I was doing some training tasks for my JS course and I got one where you must implement a function that takes a positive integer (n) and returns a matrix like the one below

Answer 1

The code in question is equivalent to this:

let n = 5
let innerArr = new Array(n).fill(0)

function getIdentityMatrix(n) {
  const mat = new Array(n).fill(innerArr);
  return mat.map((row, index) => {
    row[index] = 1;
    return row;
  });
}
console.log(getIdentityMatrix(n))

Because you are using fill you are basically filling that mat array with references to the innerArr (which you can see clearly from the above console output).

Then you do row[index] = 1 for each i which is changing the same values (at i index) of the same array.

Now your working example ... which could be written in a shorter form as:

const getIdentityMatrix = (n) =>
   [...Array(n)].map((row, index) => {
     row = Array(n).fill(0)
     row[index] = 1
     return row
   })

console.log(getIdentityMatrix(3))

Clearly maps over a newly created and then spreaded array of n but then overwrites each element with an entirely new array reference.

Since that reference is brand new modifying it with row[index] = 1 produces the expected behavior when we return the x from the map.

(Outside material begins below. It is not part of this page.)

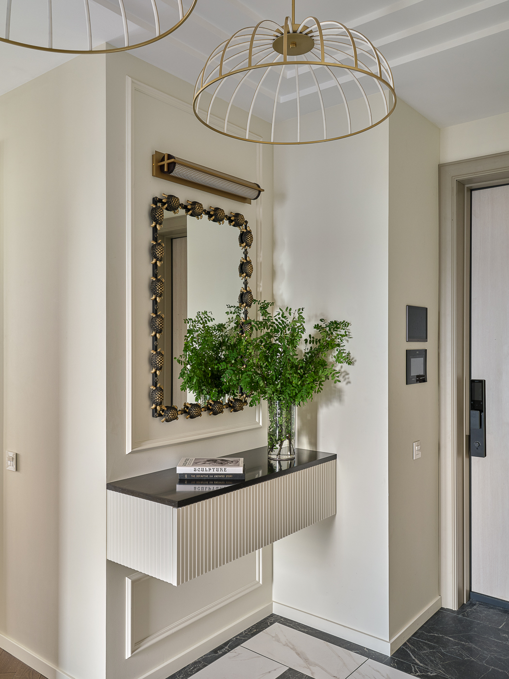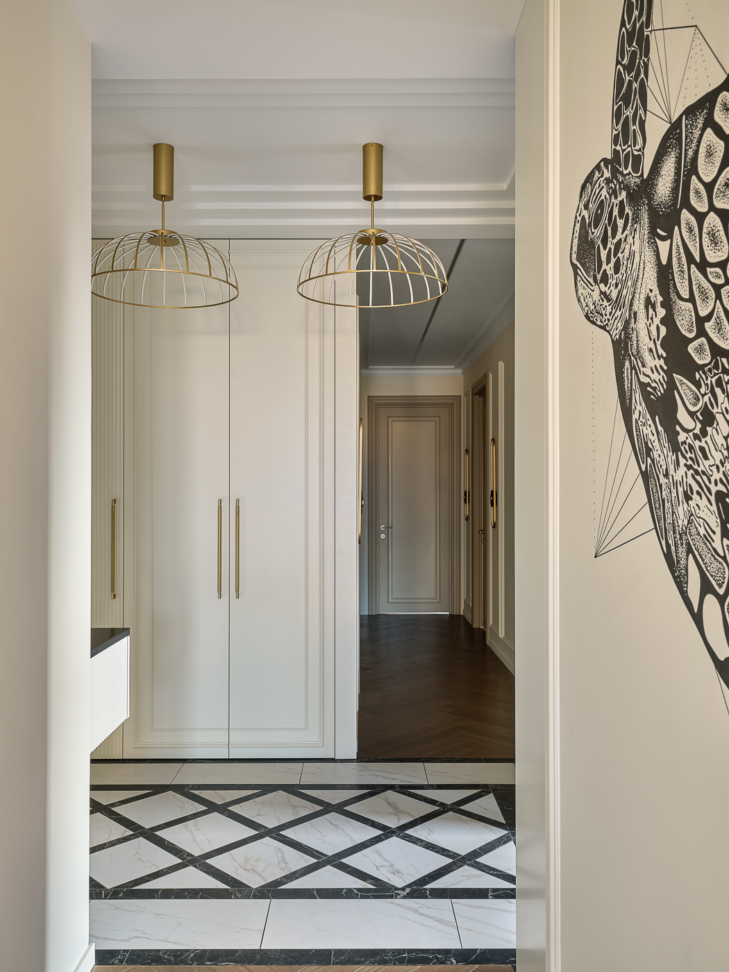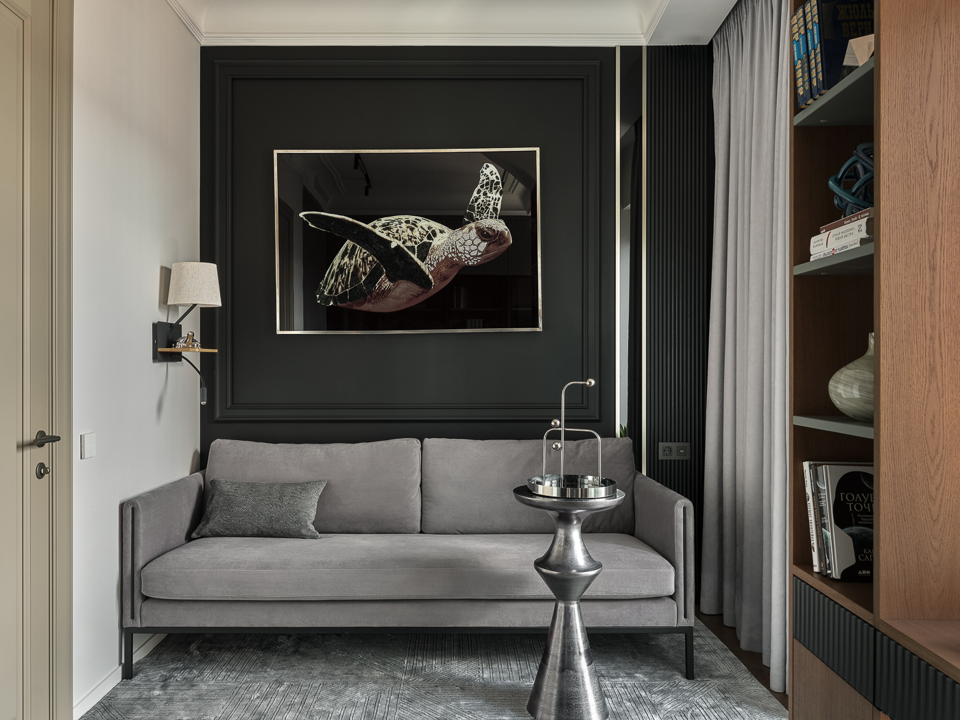 Заказчики коллекционируют фигурки черепах из разных стран — и дизайнер превратил этот личный код в тонкий мотив, который сквозит в интерьере: на зеркале, в графике, в аксессуарах.

Another way to achieve this in one line is via map, Object.assign and Object.values like this:

const gm = (n) => [...Array(n)].map((x,i) => 
   Object.values(Object.assign(Object.assign({}, Array(n).fill(0)), {[i]:1})))

console.log(gm(3))

Answer 2

// your example is roughly equivalent to this.
const innerArray = new Array(n).fill(0);
const mat = new Array(n).fill(innerArray);

(mat[0] === mat[1] === innerArray) === true;

there is only 1 nested array, not n times array.

Answer 3

It's because Array is a reference type. When you do

new Array(n).fill(new Array(n).fill(0))

first the inner new Array(n).fill(0) makes an array size n filled with 0; next the outer Array(n).fill creates an array filled with n references to that inner array.

It doesn't create n inner arrays, just n references to the same array. So when you change an element of that inner array, all the references in the outer array will reflect the change since they all point to the same object.